Gov. Gavin Newsom’s decision to fully fund the CSU system, meaning there will be no tuition increase next year, should be met with emphatic applause by Sonoma State students. In previous years, the threat of a tuition increase has constantly loomed over students as California’s government has failed to provide all of the funding the CSU has requested.

Newsom’s budget plan shows his commitment to education. In addition to fully funding the CSU, his plan calls for an additional $262 million in one-time funds that would be mainly devoted to fixing up CSU campus buildings and building child care centers. It also provides $2 million to explore adding a new CSU in Stockton.

“This marks the single largest proposed investment by any governor in the history of the university and we are extremely appreciative of Governor Newsom’s bold investment in us,” CSU Chancellor Timothy P. White said in a statement.

In previous years, former Gov.

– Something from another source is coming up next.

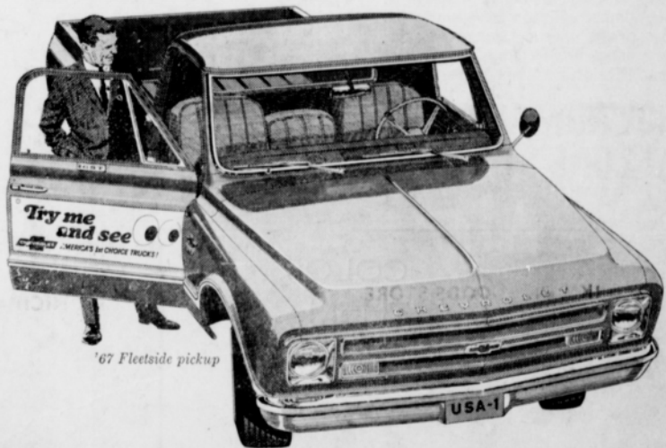
'67 Fleetside pickup

If you're a fussy truck buyer, try this '67 Chevy pickup! Your Chevrolet dealer has a demonstrator waiting to show you its sleek new look, burly new build and bright new cab. (Not to mention the smooth ride and easy handling.) It's the latest in pickups—try it and see for yourself!

Jerry Brown’s budget would fall short, by tens of millions of dollars, on the money the CSU was asking for to fund itself. This would leave students, faculty, and leadership begging the state for more money, or else face a tuition increase.

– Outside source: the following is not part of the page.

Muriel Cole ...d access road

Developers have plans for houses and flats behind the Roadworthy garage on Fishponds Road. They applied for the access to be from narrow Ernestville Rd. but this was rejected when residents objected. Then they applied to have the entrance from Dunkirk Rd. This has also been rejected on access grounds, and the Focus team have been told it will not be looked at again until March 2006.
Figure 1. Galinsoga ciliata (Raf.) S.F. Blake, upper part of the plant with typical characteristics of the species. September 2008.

The lack of investment by California in its higher education came to a head when the CSU raised tuition by five percent for the 2017-2018 school year. Another similar increase was proposed, that would’ve taken effect this year, that the CSU thankfully decided against. 

Tuition increases are unfair to students, especially considering the already enormous cost of going to a four year college. When students start college, it is common practice to plan out the finances of all four years of attending school. When tuition goes up in the middle of a person’s time at the university it can throw their entire plan for a loop. Financial aid or parent’s help may no longer be enough.

Sonoma State’s tuition is $7,798 per year. New students come here expecting to pay this for the entirety of their time here. While this number is subject to change, to raise tuition while someone is already committed to going here forces them to pay more even when they don’t want to.

Newsom’s budget shows that when something is a priority it is easy to pay for. California’s budget is massive -- $209 billion -- and nine percent of it will go to higher education. Higher education can be made a priority while still paying for other important things, like $60 billion for K-12 education. 

It is about time California invested in its students. Not only will this budget plan give financial relief to the young residents of this state, it will set the entire state up for future success as more people can pursue higher education without worrying about it becoming even more expensive.

Just 12 years ago, tuition was less than half of what is today. Steady increases to the price in the beginning of the decade created a new normal where one semester of tuition costs more than a car. It shouldn’t be this hard to get an education.

Hopefully in 2020 and beyond, the California state government maintains the level of funding the CSU needs. This will create economic stability and peace of mind for millions of California students.